Listen to that section. I start with one of the biggest cheers of the night, for Ireland’s Peacekeepers.

The words are spoken as written, but at such a pace as to undermine their meaning. Martin’s speechwriters got the tone and balance right. It was the speaker who got it wrong.

But the inherent difficulty in examining Martin’s script and delivery as a piece of performance is that you miss the wider perspective. Drilling down into the details of sentence structure and flow risks omitting the bigger issue of message.

What was last Saturday’s speech about?

The political editors were unsure. The Sunday Independent thought the core message was ‘Ireland must stand with Europe’ Their counterparts in the Irish Mail on Sunday thought it was that the coalition disagrees with Sinn Féin on housing. The Business Post broadly agreed with the Mail, saying the key message was that the coalition will have built 100,000 by next year.

The problem with having a shopping list style speech with a section on housing, a section on health, one on education, climate change, Northern Ireland and the Defence Forces (actually, that was not a section, but half a line and a patronising one) is that you have no core message, apart from the fact that you are still the party leader and are still in government.

On Northern Ireland, it is concerning that Martin, despite the shopping list speech, opted not address the long running impasse at Stormont. Nor to offer Ireland’s views on what might happen if the Assembly and Executive are not re-established, and if the London government attempts to impose Direct Rule.

There are times where the shopping list speech works. Party leaders, particularly when in government, need to set out their record of achievements. They are right to remind voters that they have delivered on their pre-election pledges and are worthy of retaining the voters support, but that strategy works best when you are addressing a receptive audience.

If you are doing well in the polls, then you are right to adopt a steady as she goes approach. It is a fair strategy to reassure voters that their faith and confidence in you is well deserved.

But is this the best strategy when your party is languishing anywhere between 3 and 6 percentage points below where you were when you entered government?

Is this the correct approach when voters are unsure as to what makes you different and what makes you better than the alternatives – be they in opposition or serving alongside you in office?

I think not. I am disappointed – though not entirely surprised – that Martin’s strategists went with this approach.

He does not get many opportunities to address voters uninterrupted and explain why his party is the right choice.

As I have said here, many, many times, I think the problem for Fianna Fáil is that Martin and his team do not approach things from the perspective of the leader of a major political party, but rather from that of a popular individual, a leader without a party… a parliamentary president.

As the Independent.ie’s Philip Ryan pointed out in a perceptive analysis piece on Sunday:    

…the public has taken to Martin after his time as Taoiseach, with a widely held view that the older man carried himself in a more statesmanlike way than his government partner Varadkar.

But the real issue for Fianna Fáil is that Micheál Martin’s popularity has not filtered down to the rest of the party.

The last line is critical: Martin’s popularity has not filtered down to the rest of the party.
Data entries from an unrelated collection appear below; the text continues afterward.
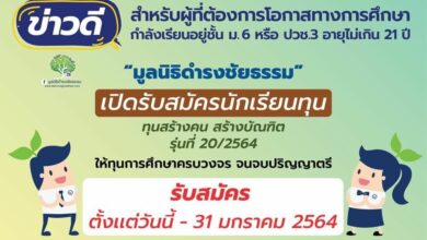 มอบโอกาสทางการศึกษา “มูลนิธิดำรงชัยธรรม” รับสมัครนักเรียนทุน รุ่นที่ 20/2564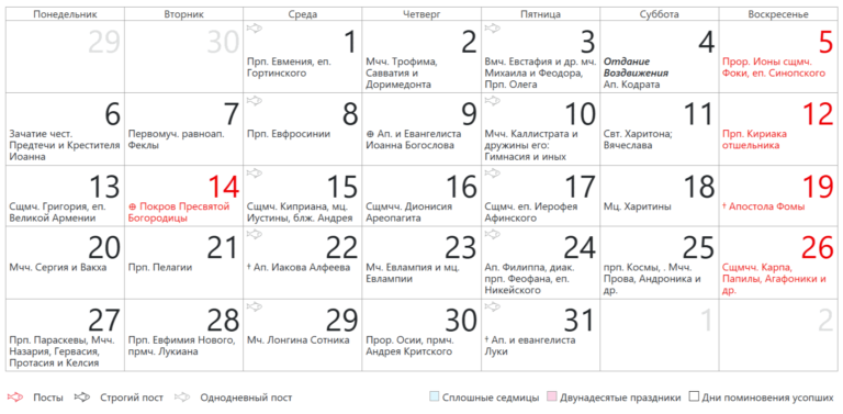 Православный календарь на октябрь 2025 года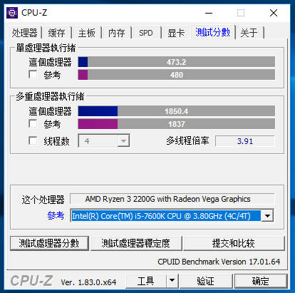CPU-Z跑分:单线程473.2分,多线程1850.4分。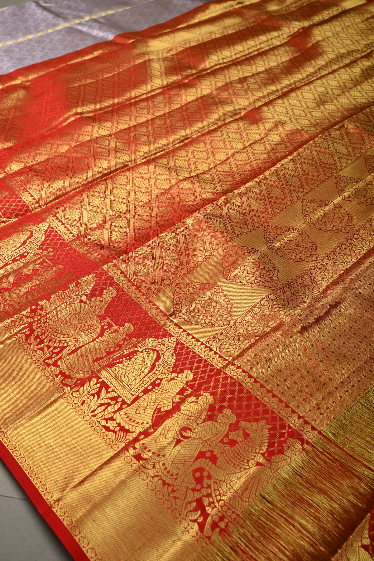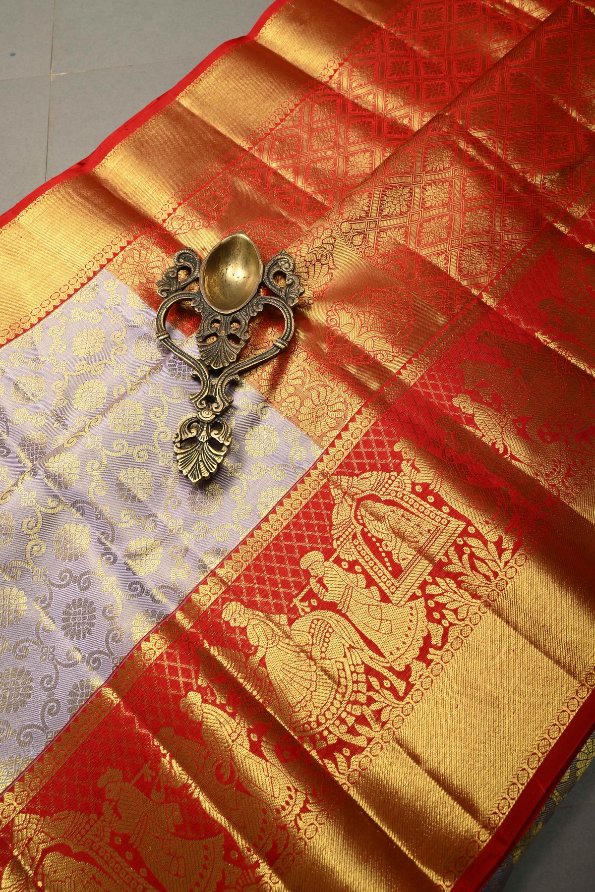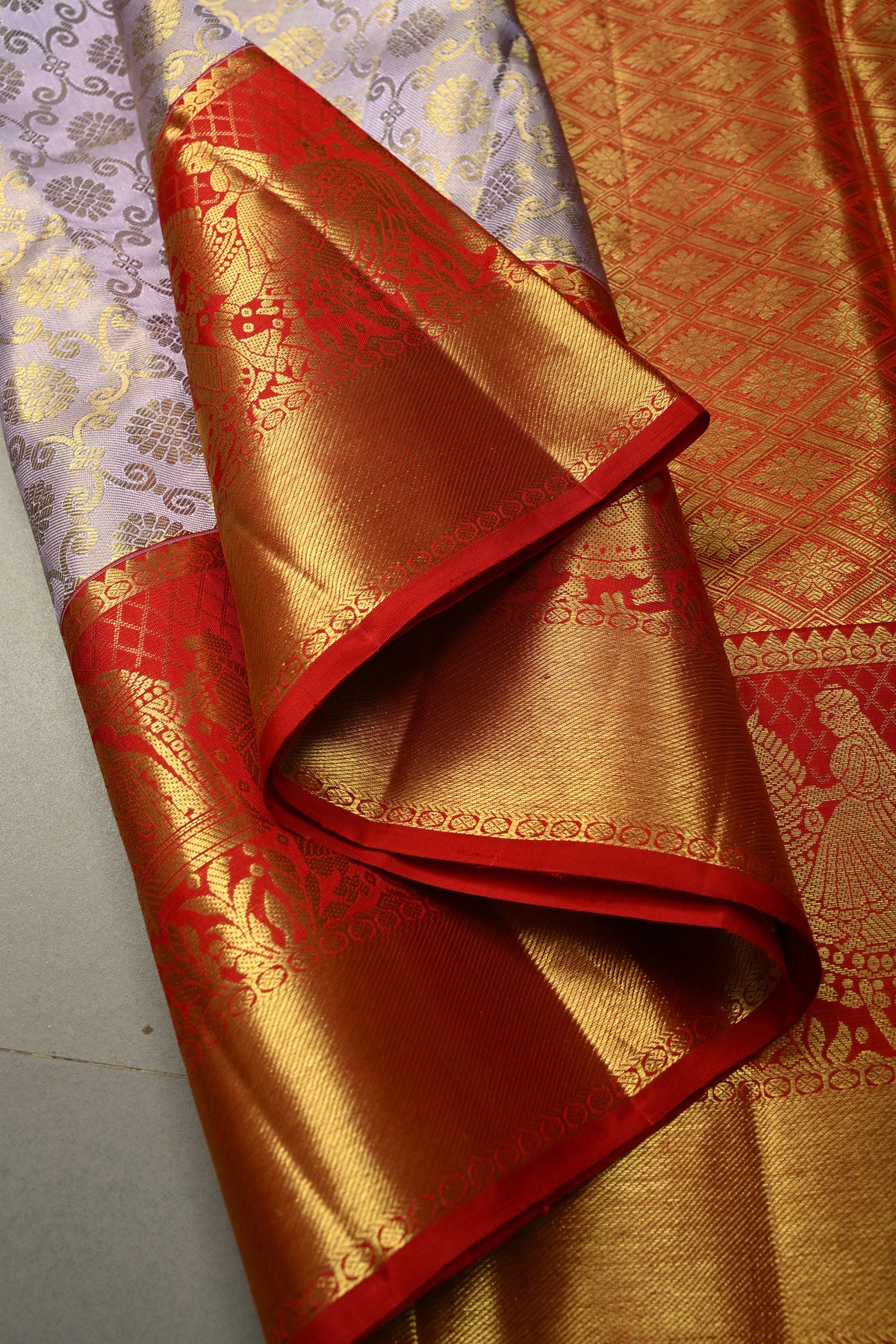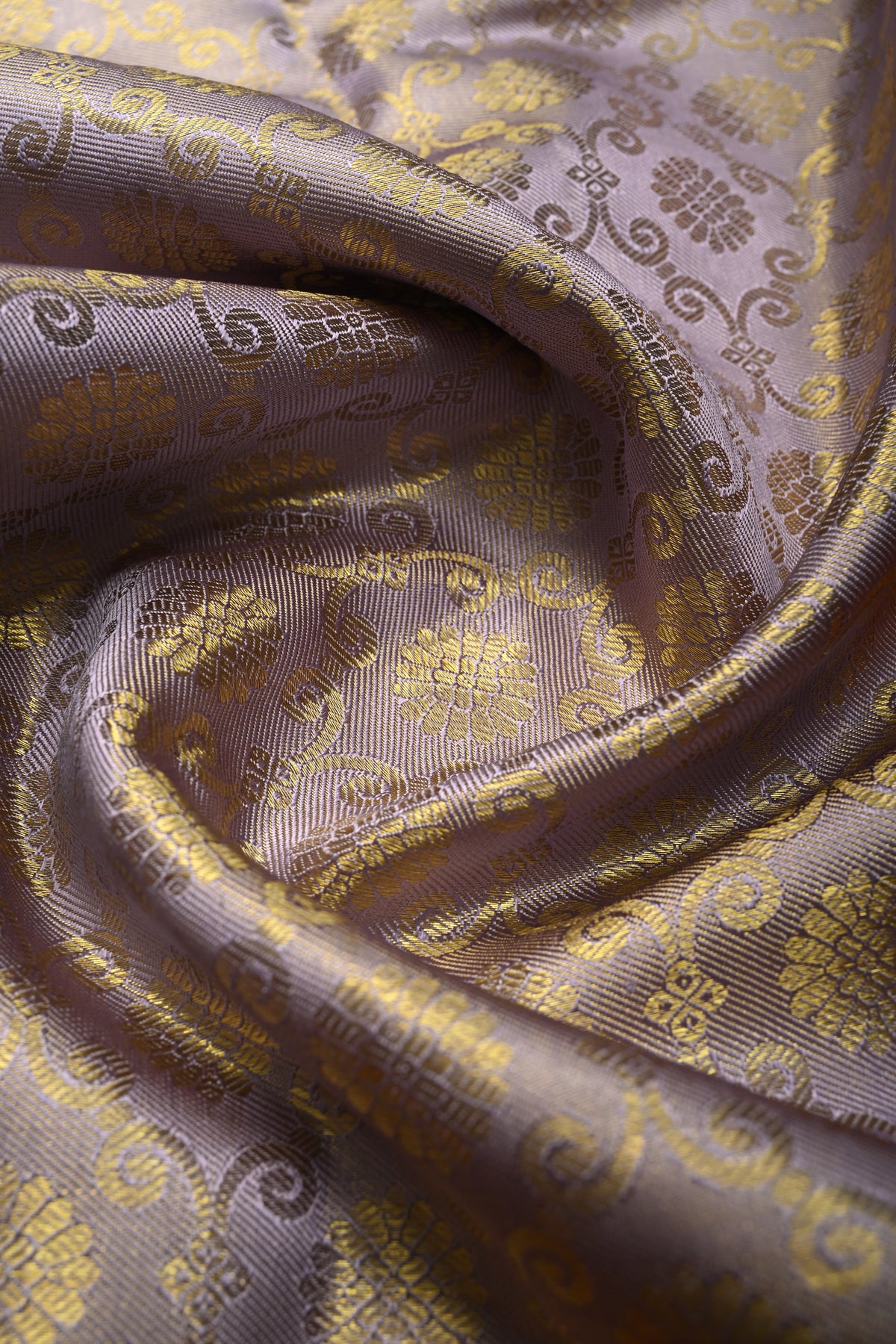 Talambralu Lilac-Gold Pure Kanjivaram Tissue Silk Saree with Brocade Jaal and Contrast Doli-Baraat Zari Border | SILK MARK CERTIFIED

It hasn’t. Nor will it. The incessant spinning by Fianna Fáil apparatchiks, not to mention craven ministers and back benchers to the effect that Martin is Fianna Fáil’s biggest asset may result in a few nice quotes and headlines, but it cannot alter the fact that his personal likeability and popularity does not translate into votes, anywhere.

Whether you believe Fianna Fáil is currently polling at 15% (Business Post) 18% (Sunday Independent) or 20% (Irish Times), the simple fact is that Fianna Fáil support is lower today than it was at the last General Election… and its performance then its second worst ever. Take a look at the Polling Indicator .com to see how far back into third place the party has slipped… under the huge popularity of its current leader.

While Martin likes to talk about the three main parties (FF, FG and SF) being grouped together, each in the low 20’s, as he suggested to Mark Carruthers in his rather brittle BBC The View interview, almost two years of polling says otherwise.

I do not expect Martin or Varadkar to put any of this in their speeches, but I do not think it is too much to expect that political reality play some part when in crafting your message.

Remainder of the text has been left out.